Lydie and Charly were already playing together in a cover band. At first, Lydie was supposed to record some backing vocals for the band, but after the sudden departure of the former singer, Charly had the concept of having two singers.

The pop/rock-like singing of Marc contrasts with the pure, clean and sensual female voice of Lydie Robin, creating a blend of aggressive and melodic vocal duet lines.

Kevin Codfert (Adagio) was invited to share the keyboards parts with Charly on the record.

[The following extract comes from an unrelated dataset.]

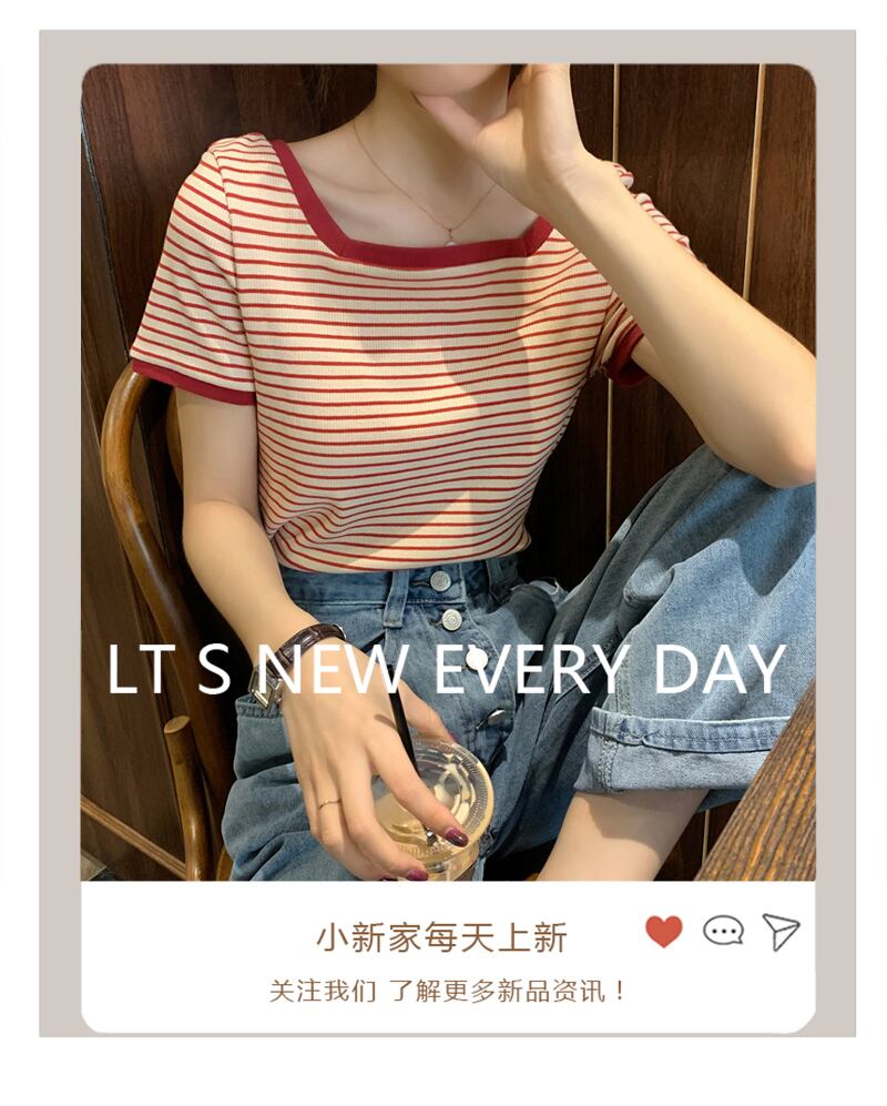 夏服ストライプTシャツシャツ ショートレディースハイウェストカラートップス NEW 夏物 スクウェア ウエスト コーデ Marchs50293150409
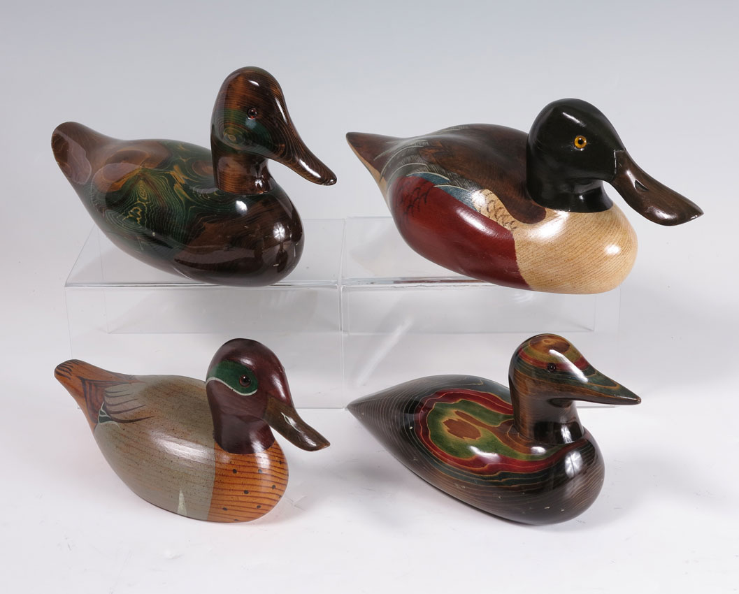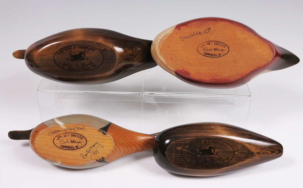 4 DECORATIVE DUCK DECOYS: Two Big Sky Decoys Oswego IL Bob May; 1) Male Shoveler, painted feathers, 5 1/2''h x 13 1/4''l; 2) Green Wing Teal, painted feathers, signed and dated '84, 5'' x 10 3/4''; 3&4) Two Bundy & Company ducks, 6 1/2'' x 12 1/4'' and 5'' x 10 1/4''. Both with clearcoat over enhanced wood grain motif. All with plastic eyes. Sold as a lot.

The band began recording the debut album, "The New Kingdom", in 2004; partly at Artsonik studios in Switzerland and partly at X-fade studios in France under the guiding eyes of Kevin Codfert, who also mixed the album.

The album was finalized in August 2005.

In late 2005 Venturia has signed a management deal with Danish-based metal agency Intromental. Shortly afterwards, a deal with Lion Music for the release of "The New Kingdom" was in place and it came out on .

The debut album was highly acclaimed by medias. In 2007, Venturia was invited by Swiss Television TSR to record a one-hour live show. During all of that year, the band wrote new songs and worked on new sounds.

In late 2007, Venturia went to Switzerland and began the recording of their new opus, "Hybrid", at Artsonik studios. The album was recorded by Carryl Montini, and the mix was done by Kevin Codfert and Carryl Montini.